In October 2019, The Ocean Cleanup is using the natural currents of the ocean to effectively collect plastic debris from the Great Pacific Garbage Patch. System 001/B is a 600-metre curved floating tube that collects plastics from the top 3 metres of the ocean surface. It has already collected plastics of all sizes… form microplastics as small as 1mm, to giant abandoned ‘ghost’ fishing nets.
“After beginning this journey seven years ago, this first year of testing in the unforgivable environment of the high seas strongly indicates that our vision is attainable and that the beginning of our mission to rid the ocean of plastic garbage, which has accumulated for decades, is within our sights…

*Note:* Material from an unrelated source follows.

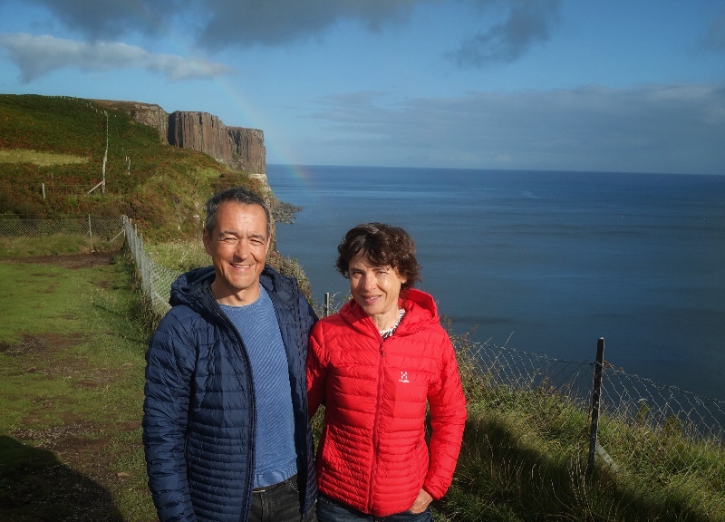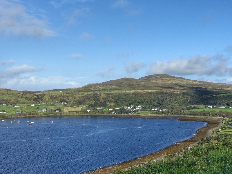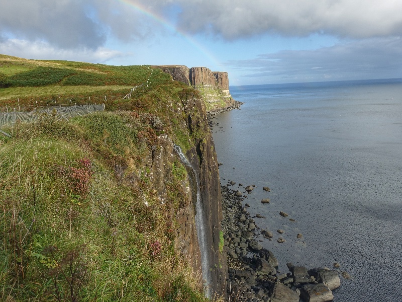 Mit dieser deftigen Grundlage versehen, machten wir uns auf den Weg, um einen Teil der Insel zu umrunden und an den besten Panoramapunkten Fotostopps einzulegen. Das Wetter spielte hervorragend mit. Die Sonne kam immer wieder durch die manchmal dunklen, manchmal hellen Wolken und sorgte so für ausgezeichnetes Licht. Die Landschaft hier ist wirklich beeindrucknd schön und am ehesten mit der Gegend der Fjorde in Norwegen zu vergleichen. Ein bißchen Angst hatten wir vor zu starkem Touristenandrang. Aber erstens ist es ja schon fast Ende September und zweitens halten sich die gemeinen Touristen auch meist nur an den bekannten und leicht zu erreichenden Sehenswürdigkeiten auf. Diese Ziele wie Kilt Rock, Old Man of Storr und die Brücke von Sligachan nahmen wir zwar auch mit, aber wie umfuhren noch auf einer kleinen Straße die nördlichste Spitze mit dem Duntulm Castle und waren dort fast alleine. Die Bildersammlung habe ich wieder in einer Galerie zusammengefasst.

“Our team has remained steadfast in its determination to solve immense technical challenges to arrive at this point. Though we still have much more work to do, I am eternally grateful for the team’s commitment and dedication to the mission and look forward to continuing to the next phase of development.”
- Boyan Slat
The Ocean Cleanup plans to remove half the plastic from the Pacific Garbage Patch within 5 years.
There is cause for optimism. And everything we do matters. Reducing the plastic waste we put into the system matters, which means we need to reduce the amount we use. Removing it from the oceans matters. All of these actions collectively stack up to work together because it’s all part of the same system. We can do this.